6. What is the difference between hnRNA and mRNA?
hnRNA (heterogeneous nuclear RNA = pre-mRNA): the primary transcript produced in the nucleus by RNA Pol II. Contains both introns and exons. Has neither 5' cap nor poly(A) tail initially. Not translated — must be processed first. mRNA (messenger RNA): the mature, processed form of RNA that carries genetic information from nucleus to ribosome for translation. Has 5' cap (m⁷G), poly(A) tail, introns removed (exons spliced together). Exported from nucleus through nuclear pores. Translated by ribosomes. Has a 5'UTR (untranslated region), start codon (AUG), coding sequence, stop codon (UAA/UAG/UGA), 3'UTR.
7. What is monocistronic vs polycistronic mRNA?
Monocistronic mRNA: contains the coding sequence for ONE protein. Typical of eukaryotes. Each gene produces its own mRNA. 5'UTR — AUG (start) — coding region — stop codon — 3'UTR — poly(A). Translated by ribosome to produce one protein. Polycistronic mRNA: contains coding sequences for MULTIPLE proteins in one RNA molecule. Typical of prokaryotes. Example: lac operon mRNA encodes β-galactosidase + permease + transacetylase in one transcript. Each coding sequence has its own ribosome binding site (Shine-Dalgarno sequence).

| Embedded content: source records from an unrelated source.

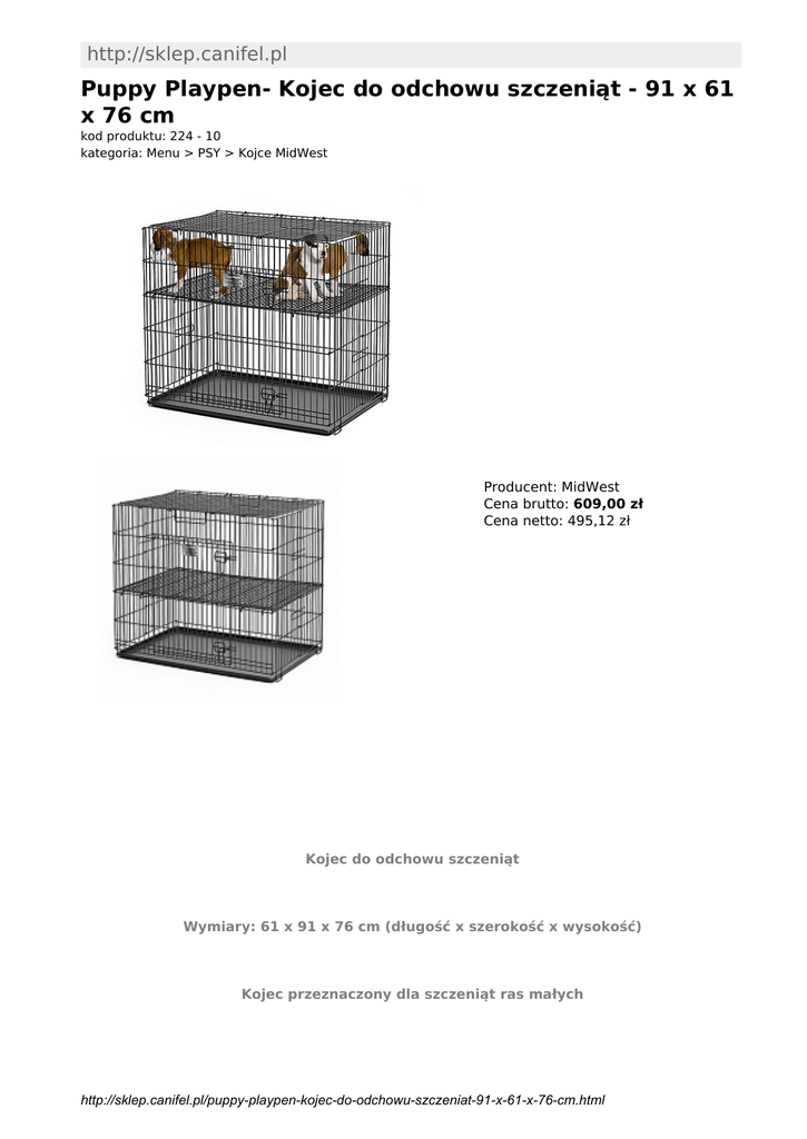 http://sklep.canifel.pl Puppy Playpen- Kojec do odchowu szczeniąt - 91 x 61 x 76 cm kod produktu: 224 - 10 kategoria: Menu > PSY > Kojce MidWest Producent: MidWest Cena brutto: 609,00 zł Cena netto: 495,12 zł Kojec do odchowu szczeniąt Wymiary: 61 x 91 x 76 cm (długość x szerokość x wysokość) Kojec przeznaczony dla szczeniąt ras małych http://sklep.canifel.pl/puppy-playpen-kojec-do-odchowu-szczeniat-91-x-61-x-76-cm.html Puppy Playpen 224-10 kojec wykonany z drutów o przekrojach od 2,3 mm do 3,26 mm, podwójnie niklowanych i chromowanych powierzchniowo podłoga wykonana z drutów o przekrojach od 3,26 mm do 5,9 mm, zabezpieczona i powlekana winylem o średnicy oczek 2,54 cm waga - 15 kg ilość bocznych drzwi - 1 szt 2 zamki w drzwiach otwierana w całości góra regulowana wysokość drucianej podłogi 1 mocna plastikowa podłoga, którą można swobodnie wysuwać do czyszczenia łatwe składanie umożliwia transport i przechowywanie kojca Kojce Puppy Playpen są zaprojektowane specjalnie dla szczeniąt. Zapewniają im bezpieczną oraz szeroką przestrzeń. Dają możliwość regulacji wysokości podłogi. Atrakcyjny srebrny kolor jest łatwy w utrzymaniu czystości. Boczne drzwiczki oraz szeroka otwierana góra zapewniają wygodny dostęp do szczeniąt. Druciana podłoga pokryta winylem zabezpiecza przed ślizganiem się łapek. Odpowiednio dobrana wielkość oczek w podłodze pozwala na łatwe utrzymanie czystości. Kojec posiada mocną plastikową podłogę łatwą do czyszczenia. http://sklep.canifel.pl/puppy-playpen-kojec-do-odchowu-szczeniat-91-x-61-x Wielkość oczka w podłodze: 2,54 x 2,54 cm Kojce dostępne są w trzech rozmiarach: Dedykowana podłoga: Plastikowa podłoga do kojca 224 PAN (Puppy Playpen 224 - 10) http://sklep.canifel.pl/puppy-playpen-kojec-do-odchowu-szczeniat-91-x-61-x-76-cm.html
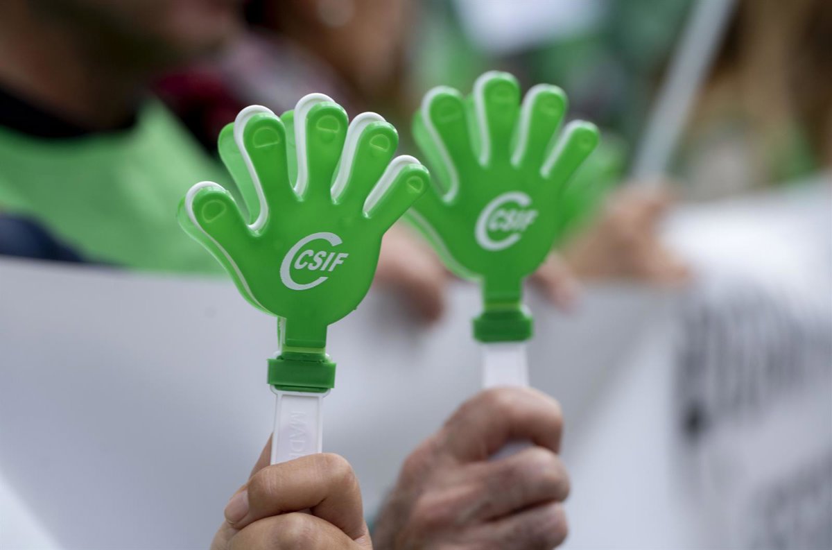 Archivo - Aplaudidores en forma de mano con el logo del CSIF - Alberto Ortega - Europa Press - Archivo
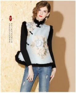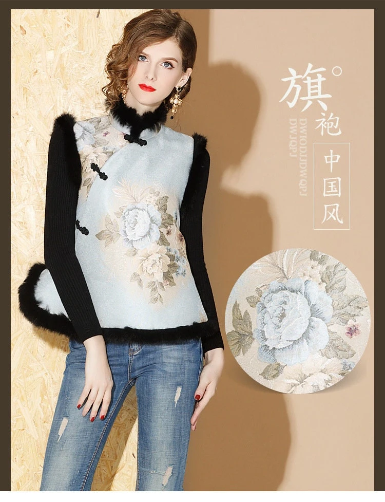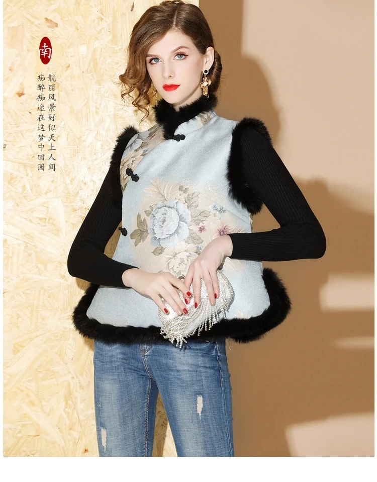 Soft material feel, Hairy Warm Padded with Cotton; Unique Tang Jacket full of Happy Celebration Elements, Pankou Button in front side as closure, Very elegant and warm.

Ribosomes translate each ORF (open reading frame) separately. This arrangement is efficient — all genes in one operon are transcribed together → co-regulated expression.
8. What happens to mRNA after it is made?

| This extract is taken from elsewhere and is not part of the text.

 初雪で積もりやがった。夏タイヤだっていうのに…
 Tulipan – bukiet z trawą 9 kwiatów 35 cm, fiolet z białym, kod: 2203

After processing, mRNA is exported from nucleus to cytoplasm via nuclear pore complexes. In cytoplasm: associated with ribosomes (polysomes = multiple ribosomes translating simultaneously). Translation: ribosome reads mRNA 5'→3', tRNAs bring amino acids, polypeptide is synthesised. mRNA degradation: mRNAs have limited lifetimes — bacterial mRNA: minutes (allows rapid response to changing conditions). Eukaryotic mRNA: minutes to hours (regulated). Degradation begins after deadenylation (poly-A tail shortening) → decapping → 5'→3' exonuclease digestion. mRNA stability is a major post-transcriptional regulatory mechanism. siRNA (small interfering RNA) and miRNA (micro-RNA) can silence mRNAs by inducing their degradation or blocking translation (RNA interference / RNAi).